*YOUR TASK:* The whole listing, please: repeat it exactly, with the pictures left out.

*SUPPLIED INFORMATION:*
[Start of section]

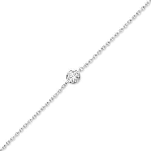 Add a little sparkle to your daily look with this lab-grown diamond solitaire bezel bracelet. Finished in sterling silver, this bracelet is set with a 1/10ctw round-shaped lab-grown diamond and soldered on a diamond cut cable chain with lobste closure. Can be stack with other dainty bracelet or worn alone.
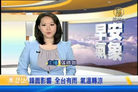 【新唐人亞太台 2015 年 04 月 21 日訊】歡迎您收看4月21日的早安新唐人,我是張祺翎。先來帶您關心今天的天氣情況。受到鋒面影響,今天全台各地都會出現陣雨,其中又以中部以北雨勢較大,提醒您出門記得帶傘,上班上課天雨路滑,務必多加注意路況。氣溫方面,由於下雨,氣溫也比前幾天涼爽許多,北部地區約17到21℃,民眾出門時記得加件外套,而中、南部地區則約20到27℃。帶您一起來看到國際媒體重要訊息。
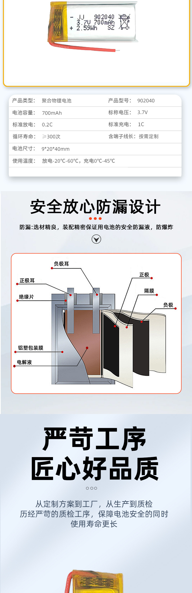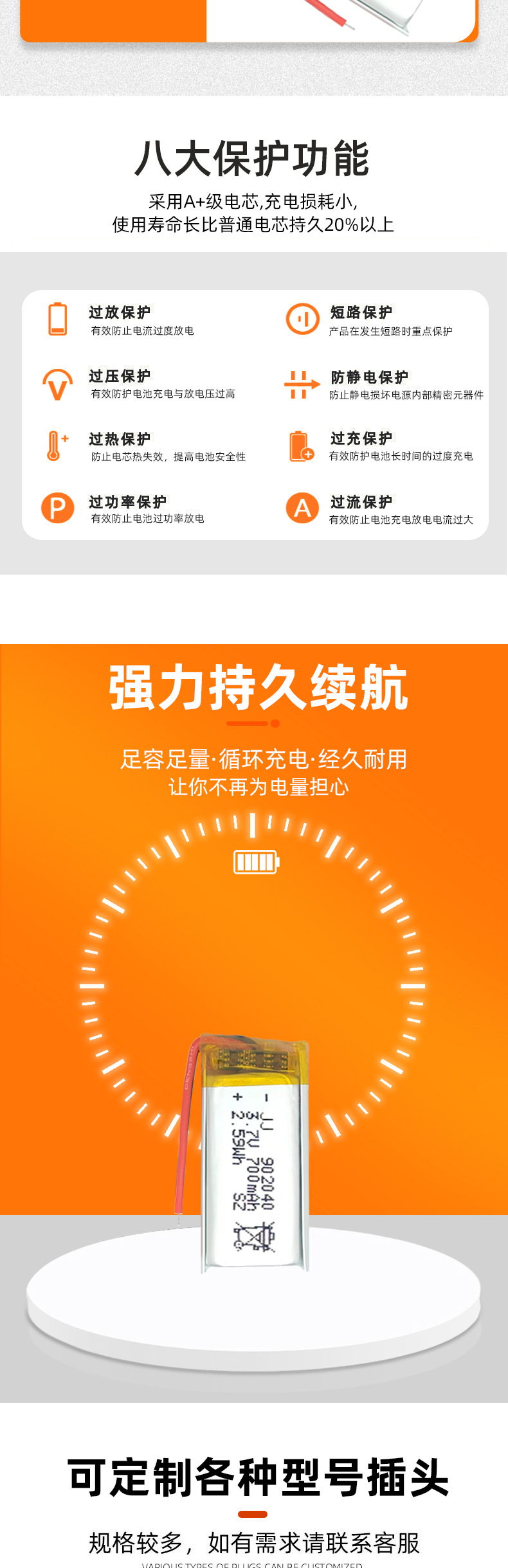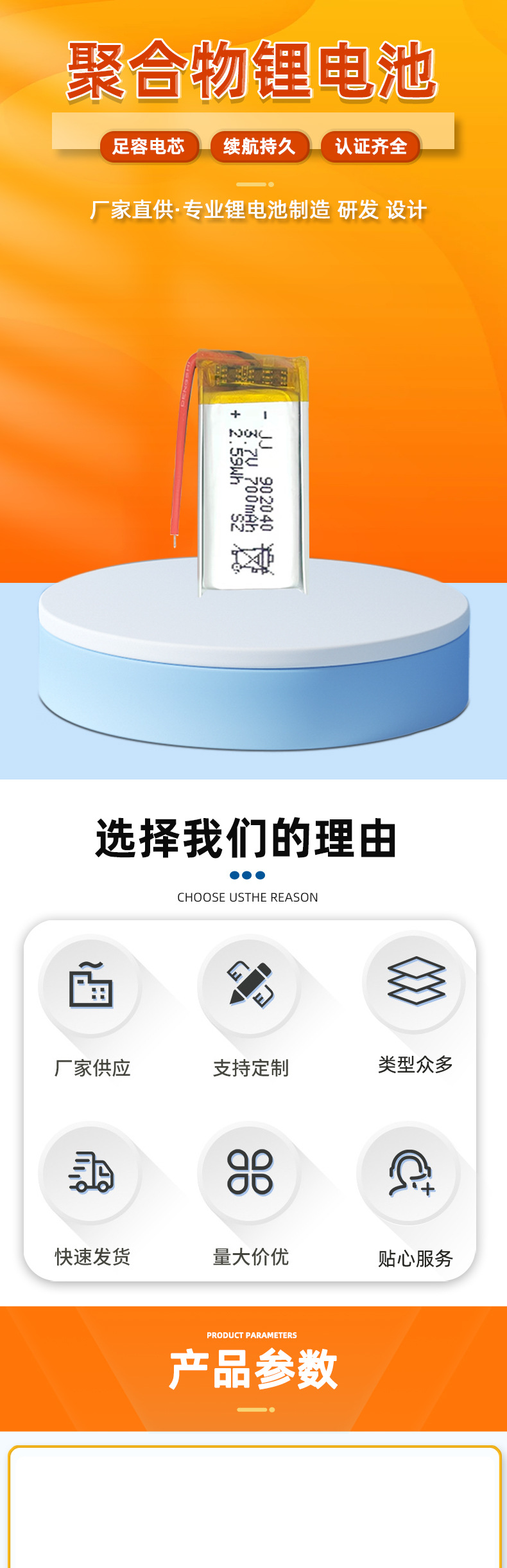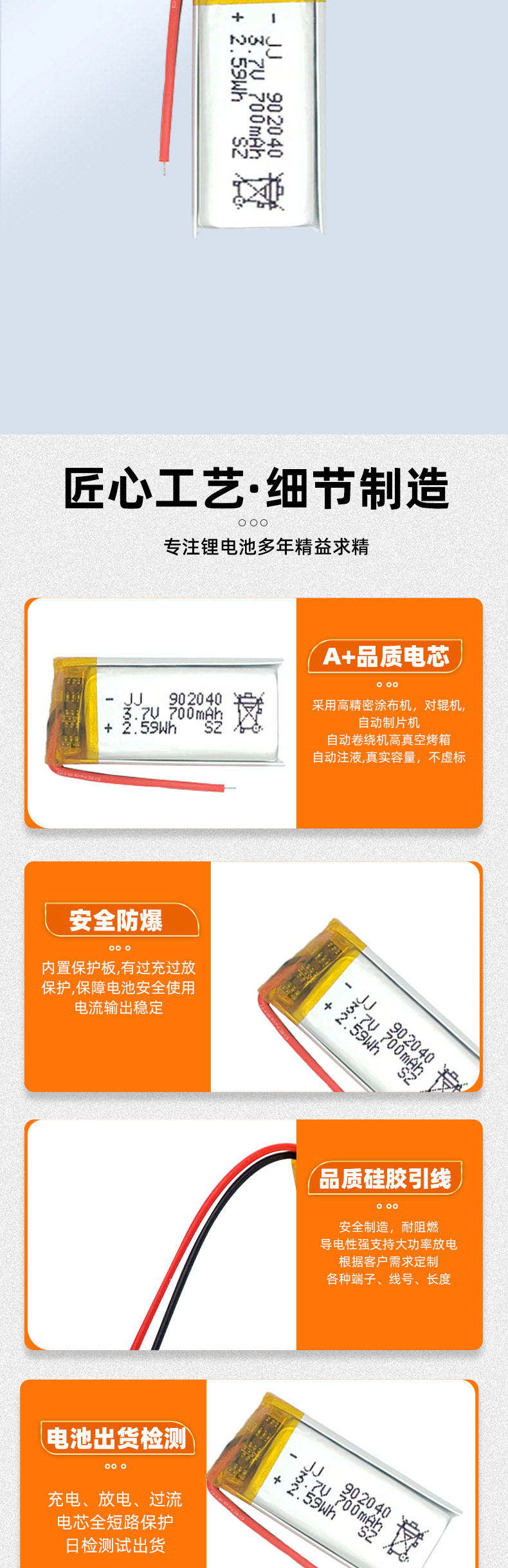 902040 폴리머 리튬 배터리 700mAhLED 램프 게임 콘솔 3.7V 블루투스 오디오 충전 소프트 팩 배터리스토어 가기

[End of section]

*COMPLETED TASK:*
 Add a little sparkle to your daily look with this lab-grown diamond solitaire bezel bracelet. Finished in sterling silver, this bracelet is set with a 1/10ctw round-shaped lab-grown diamond and soldered on a diamond cut cable chain with lobste closure. Can be stack with other dainty bracelet or worn alone.
 【新唐人亞太台 2015 年 04 月 21 日訊】歡迎您收看4月21日的早安新唐人,我是張祺翎。先來帶您關心今天的天氣情況。受到鋒面影響,今天全台各地都會出現陣雨,其中又以中部以北雨勢較大,提醒您出門記得帶傘,上班上課天雨路滑,務必多加注意路況。氣溫方面,由於下雨,氣溫也比前幾天涼爽許多,北部地區約17到21℃,民眾出門時記得加件外套,而中、南部地區則約20到27℃。帶您一起來看到國際媒體重要訊息。
 902040 폴리머 리튬 배터리 700mAhLED 램프 게임 콘솔 3.7V 블루투스 오디오 충전 소프트 팩 배터리스토어 가기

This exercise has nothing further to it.